Development and Validation of a Method for Alcohol Analysis in Brain Tissue by Headspace Gas Chromatography with Flame Ionization Detector
Abstract
Ethanol is the most widely used and abused drug. While blood is the preferred specimen for analysis, tissue specimens such as brain serve as alternative specimens for alcohol analysis in post-mortem cases where blood is unavailable or contaminated. A method was developed using headspace gas chromatography with flame ionization detection (HS-GC-FID) for the detection and quantification of ethanol, acetone, isopropanol, methanol and n-propanol in brain tissue specimens. Unfixed volatile-free brain tissue specimens were obtained from the Department of Pathology at Virginia Commonwealth University. Calibrators and controls were prepared from 4-fold diluted homogenates of these brain tissue specimens, and were analyzed using t-butanol as the internal standard. The chromatographic separation was performed with a Restek BAC2 column. A linear calibration was generated for all analytes (mean r2 > 0.9992) with the limits of detection and quantification of 100–110 mg/kg. Matrix effect from the brain tissue was determined by comparing the slopes of matrix prepared calibration curves with those of aqueous calibration curves; no significant differences were observed for ethanol, acetone, isopropanol, methanol and n-propanol. The bias and the CVs for all volatile controls were ≤10%. The method was also evaluated for carryover, selectivity, interferences, bench-top stability and freeze-thaw stability. The HS-GC-FID method was determined to be reliable and robust for the analysis of ethanol, acetone, isopropanol, methanol and n-propanol concentrations in brain tissue, effectively expanding the specimen options for post-mortem alcohol analysis.
Introduction
Ethanol is one of the most commonly found psychoactive substances in clinical and forensic toxicology, particularly in post-mortem analysis, as over-consumption of alcohol induces impairments that often lead to fatal accidents, violent crimes and suicides. A myriad of factors are important to the analysis and interpretation of post-mortem alcohol concentrations including ante-mortem trauma and life-saving treatment, interval between death and analysis, environmental factors, condition or decomposition of the body and types and location of the specimen collected (1). These factors can contribute to post-mortem production of ethanol and other volatile organic compounds (e.g. methanol, n-propanol, n-butanol, acetaldehyde) from microbial fermentation of natural substrates like glucose (2). Since the human body does not store glucose evenly within various fluids and tissues, post-mortem alcohol production is largely site-dependent and the choice of specimen for analysis is crucial to distinguish between post-mortem production and ante-mortem ingestion.

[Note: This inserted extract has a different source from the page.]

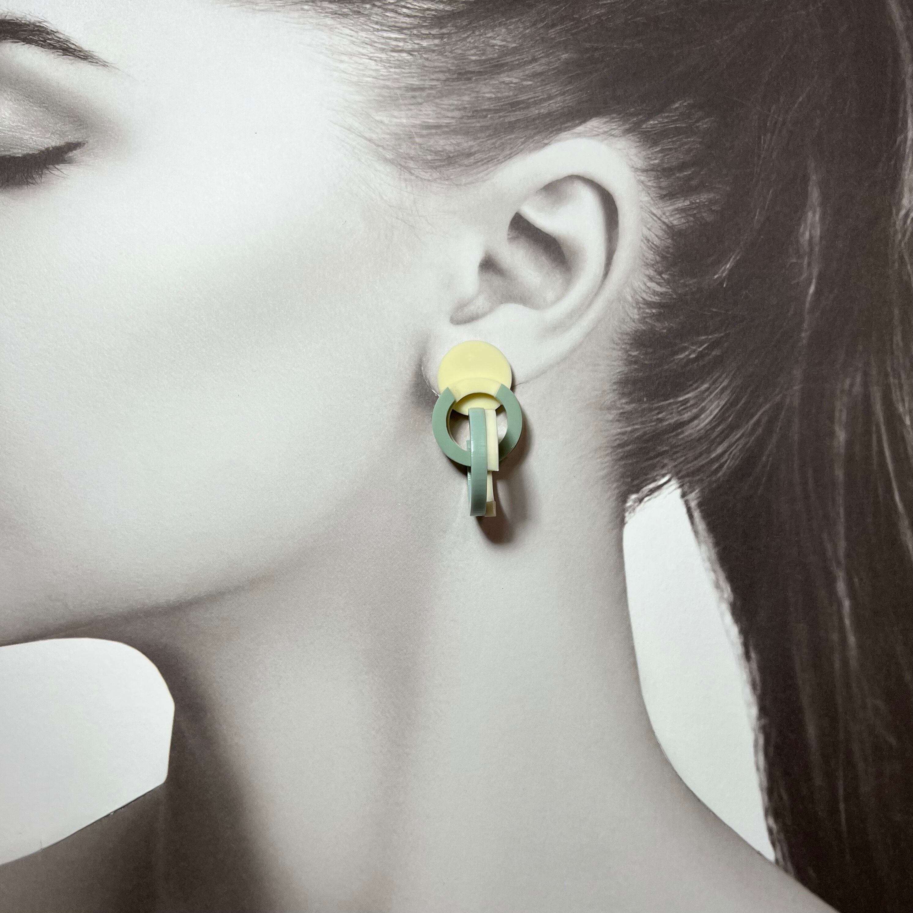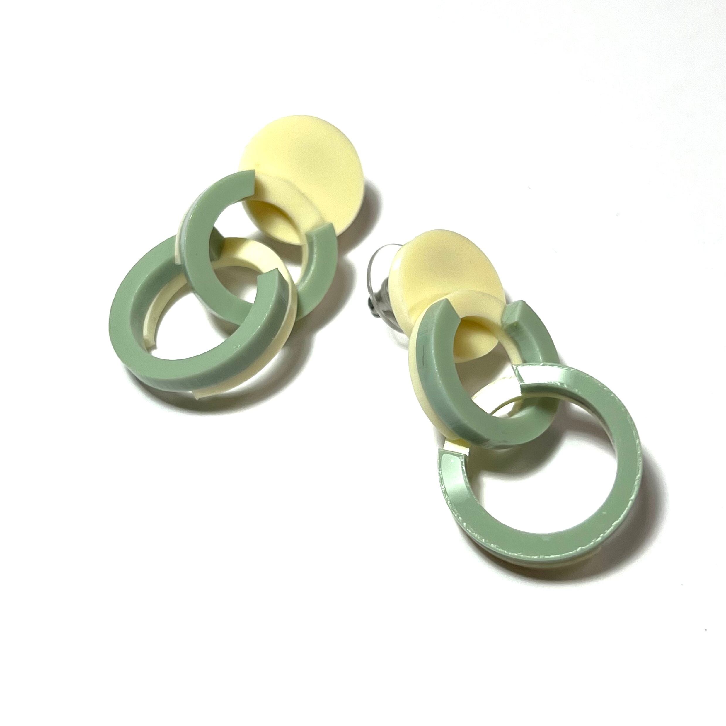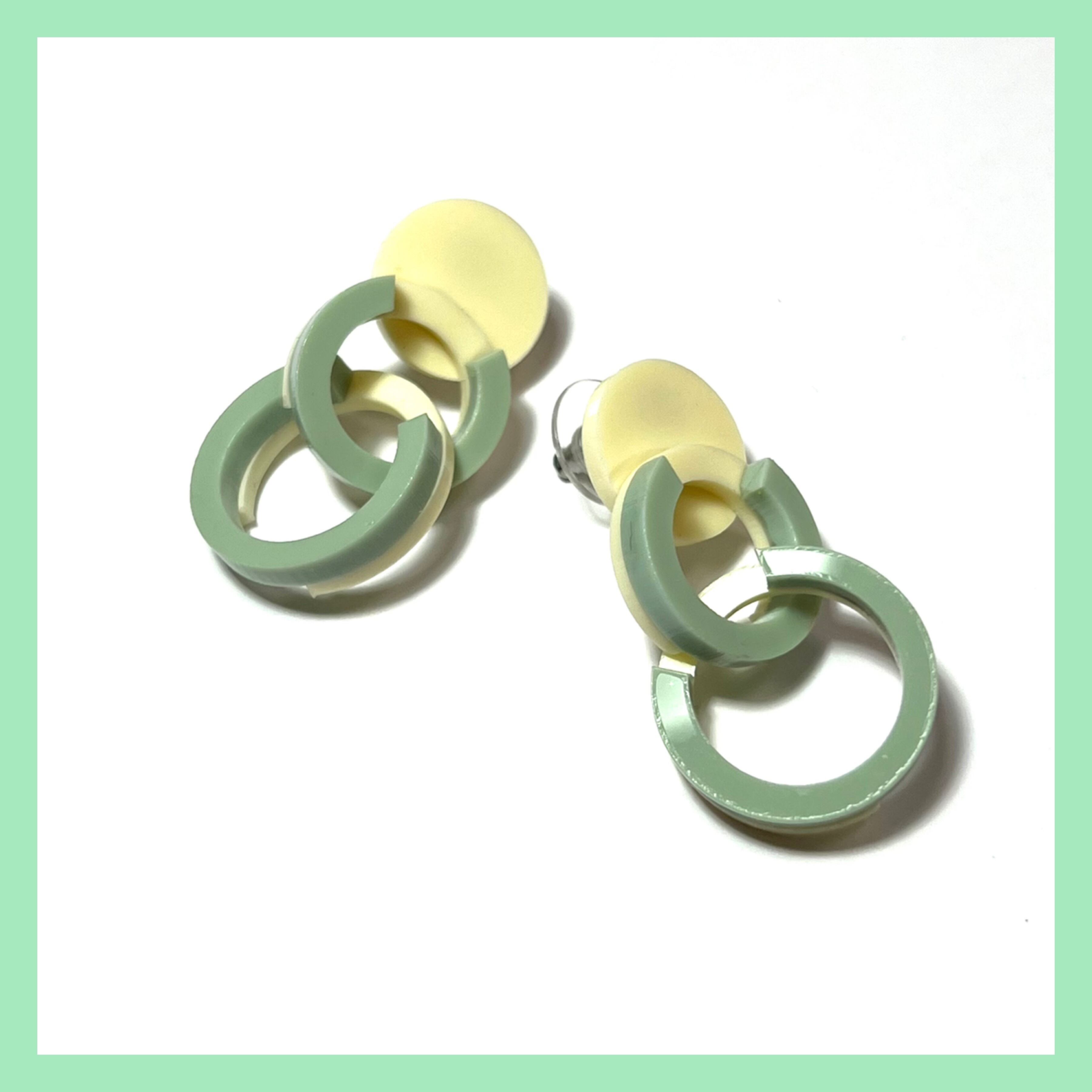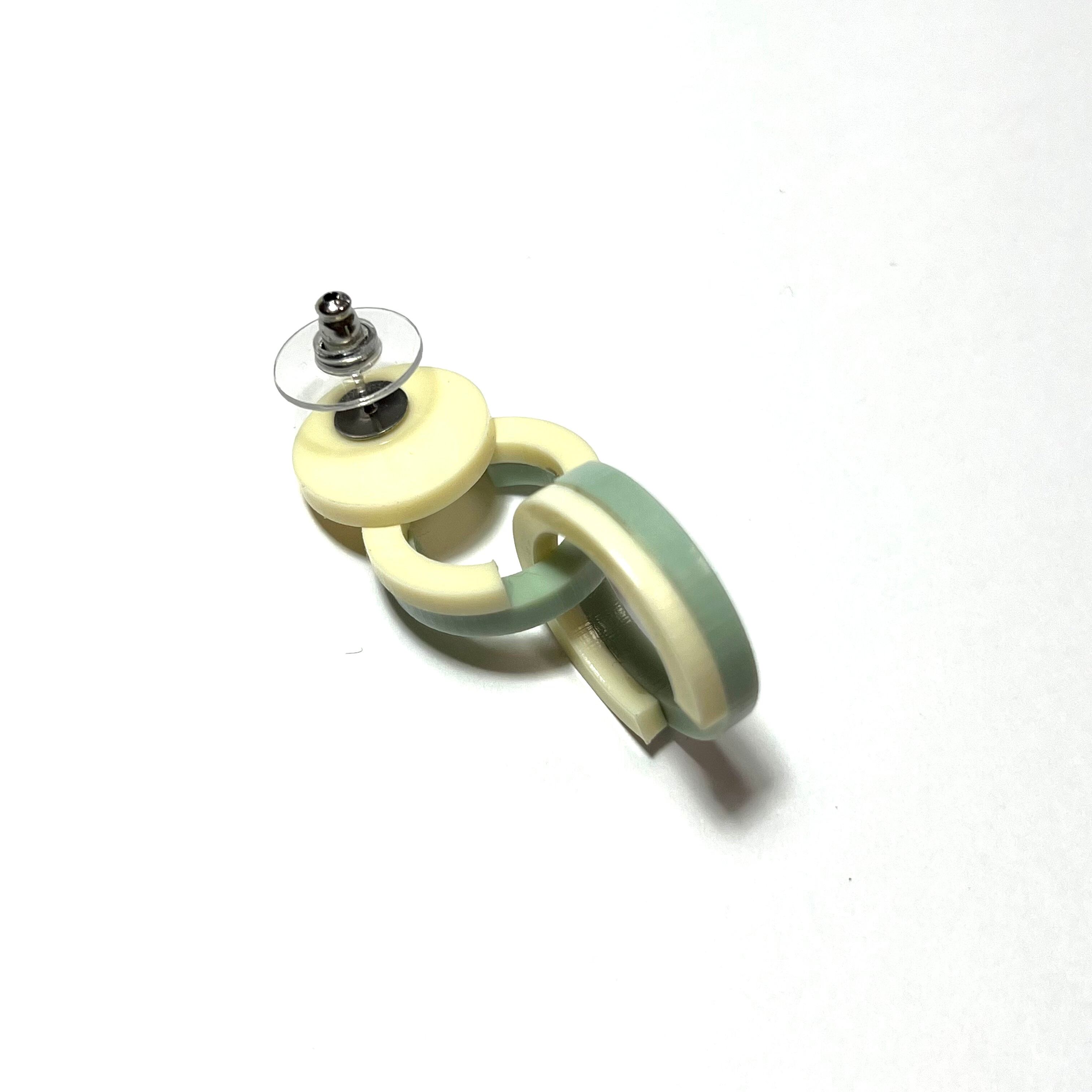 クリーム、スモーキーグリーン配色のスタッズピアスです。

As with the analysis of other drugs of abuse, blood is the preferred specimen for alcohol analysis. Blood concentrations are used as indicators of intoxication in human performance testing such as driving under the influence or in post-mortem cases. Blood alcohol concentration (BAC) is used as the standard to which the alcohol concentrations in other biological specimens are compared (3–12). Alcohol analysis is generally performed either using direct injection gas chromatography (GC) or headspace gas chromatography (HS-GC) with flame ionization detection (FID). Of the two, headspace is preferred over direct injection, because HS-GC takes advantage of the volatility of alcohol and an extraction procedure is not necessary. Injection of the headspace gas also protects the column from non-volatile components in the matrix that would be present using direct injection. Determination of BAC has been extensively studied using both direct injection GC (13–15) and HS-GC (15, 16). Although blood is the preferred specimen, there are occasions when blood is unavailable or contaminated due to traumatic injuries or there is suspected post-mortem alcohol production. In such instances, alternative specimens are utilized. Urine is commonly submitted for post-mortem alcohol analysis as it generally has low risk of microbial contamination and low glucose concentration, reducing the likelihood of post-mortem alcohol production (1). Similarly, vitreous humor is used by virtue of its low glucose concentration and anatomic location, isolated from the spread of bacteria in the gut during decomposition (1). Both direct injection GC and HS-GC have been applied to urine and vitreous humor alcohol analysis (3, 4, 14, 17, 18). Tissue specimens, though less often, have also been analyzed for alcohols using both GC techniques. One study investigated post-mortem ethanol formation in unadulterated kidney and muscle tissue specimens using HS-GC (19). Skeletal muscle alcohol concentration has been determined from 1:4 diluted homogenate samples using direct injection GC; the muscle to blood alcohol ratio found was on average 0.94–1.48 (5). Liver tissue as a matrix has been analyzed using HS-GC, and the liver to blood alcohol ratio found was on average 0.47–0.85 (6).
Another alternative specimen for alcohol analysis is brain tissue. Where blood is easily lost due to ante-mortem trauma, the brain may be preserved due to its encasement in the protective skull. The isolated location and lack of glucose storage also make the brain an attractive specimen for analysis as it is less susceptible to post-mortem alcohol diffusion, such as from the stomach to heart blood (20) and post-mortem alcohol formation (2). Whereas there is concern over differences in alcohol concentration in post-mortem blood collected from various sites (2), the regional distribution of alcohol in the brain does not differ significantly (7). As a highly vascularized tissue with a rich blood supply, the brain displays rapid alcohol equilibrium with blood (8) and thus may be a good indicator of ante-mortem BAC. In cases where there is an acute subdural hemorrhage from head trauma and the victim survives hours before death, peripheral blood may become unreliable due to ongoing metabolism, yet ethanol concentration in brain tissues underneath the subdural hematoma may still reflect the concentration at the time of injury (9). Though the value of brain as an alternative specimen for post-mortem alcohol analysis cannot be overstated, unlike other specimens, there have been few studies performed to analyze alcohol concentrations in brain. Human brain alcohol concentrations, from aliquots of steam-distilled brain, have been found to correlate strongly with BAC (brain–blood ratio of 0.64–1.20) using direct injection GC (10). A brain–blood ratio of 0.80–1.50 (from 82% of the values within the study) was observed with homogenization, extraction and analysis via direct injection GC (11). Thus it seems that different extraction techniques for brain alcohol determination can substantially affect the measured ratios. There is only one published study that examined the reliability of the HS-GC method for the analysis of ethanol in brain tissue specimen. Disti (...truncated)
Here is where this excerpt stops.